Mr. Jobs had always taken an interest in education, and in Walter Isaacson’s 2011 biography of the technology innovator, he is quoted as speaking of a “corrupt” state textbook-approval process, the massive textbook industry, and his hope to transform it… For textbook publishers, though, business won’t be as disrupted as Mr. Jobs may have hoped… Ms. Shore of Pearson Education said creating content for Apple would be no different from creating any other kind of textbook content. Pearson creates the content first, then adapts it to multiple platforms, whether it’s Apple, Android, Amazon, or print.

Will Apple become (like Microsoft founder Bill Gates) just another entrenched corporate interest protecting business as usual in education by joining the rest of the education-industrial complex in promoting testing-obsessed standardization and the teacher union busting corporatism and labeling of “failed” schools that seems to go with it?

Some critics believe the cost of the devices could prevent the innovative textbooks from being used by the students who need them most. By the end of the year, for example, McGraw-Hill will produce five Apple-only textbooks. If the textbooks can be used on Apple devices only, it could require cash-strapped districts to decide on Apple or a lesser education.

Certainly there is the potential for Apple’s Internet enabling technology to challenge rather than support the traditional book sellers…

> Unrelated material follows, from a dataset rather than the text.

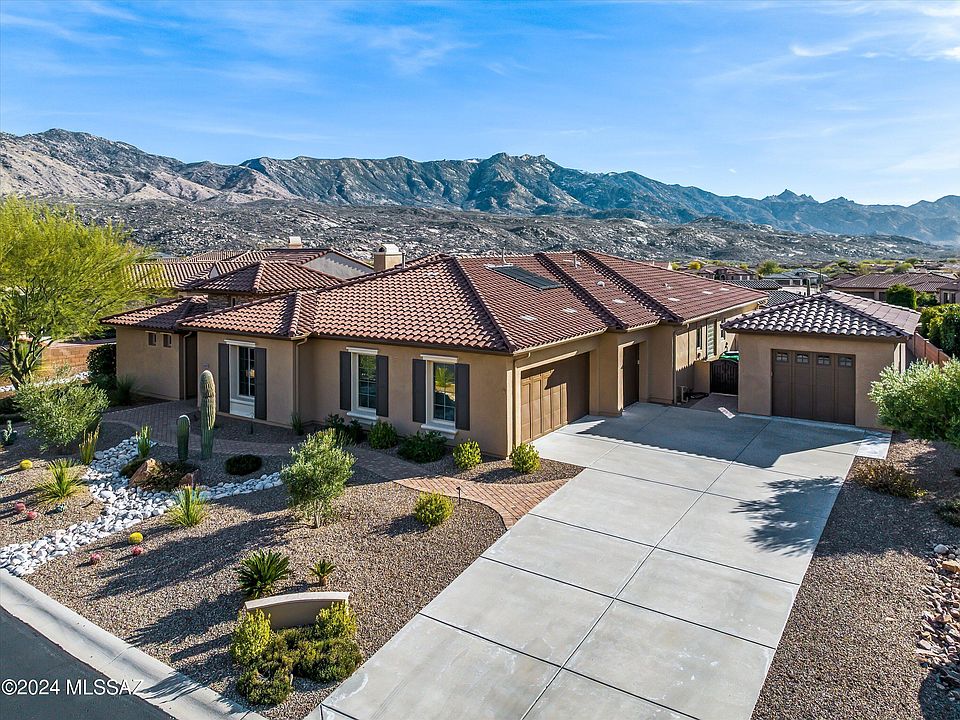 Dramatic south eastern facing mountain views from this highly impressive 3725 square foot Sonoran Model in The SaddleBrooke Preserve! Remodeled in 2022, this home boasts features that make it distinctive, yet extremely livable. Highlights include gourmet island kitchen with granite counters, alder cabinets, stainless appliances, built-in buffet, farmers sink & walk-in pantry. Additional features include large detached garage, AZ Room with limestone flooring, natural gas fire pit, coyote proof dog run & spacious casita. Many windows have electric shades inside & out. Complete office with integrated Murphy bed & expansive storage features. Hallways, kitchen & master closet have solar tubes which brings in natural light. Phenomenal mountain & sunset views complete this excellent value!

Apple also unveiled a brand-new application called iBooks Author, which allows users to create and publish their own e-books. The tool can be used only on Macintosh computers, but books can immediately be published into the iBooks store… Lastly, Apple announced it is upgrading iTunes U, its directory for educational content for higher education, to allow teachers to create entire online courses.

This sounds more in line with what I mentioned above about the “Open Educational Content” movement, and would involve Apple more in their traditional insurgent role.

So the question is, will Apple continue to be a force for real change, perhaps giving poorer school districts (generally judged as “failing” in the No Child Left Behind standardization paradigm) the opportunity to develop their own curriculum online and redirect that big textbook budget line item to other needed improvements like attracting better teachers and improving their school infrastructures to keep pace with more well-to-do districts?

Its all TBD at this point!

2 replies on “Apple, Textbooks and the Education-Industrial Complex”

  1. This article is most welcome. It calls attention to strategic decisions which Apple is making as we speak, decisions which can impact public education (for good or ill) for generations to come.

  2. Reuben… As we continue to develop human society we need all the allies we can get in transforming old perhaps moribund institutions. Apple has been mostly an ally in that effort and I hope they can continue to be so rather than just be about making the most money in the short run. I am concerned that when Jobs was still alive he had indicated some discomfort with the conventional textbook industry. Now that he has passed away, I hope the new Apple management is not going against that thinking.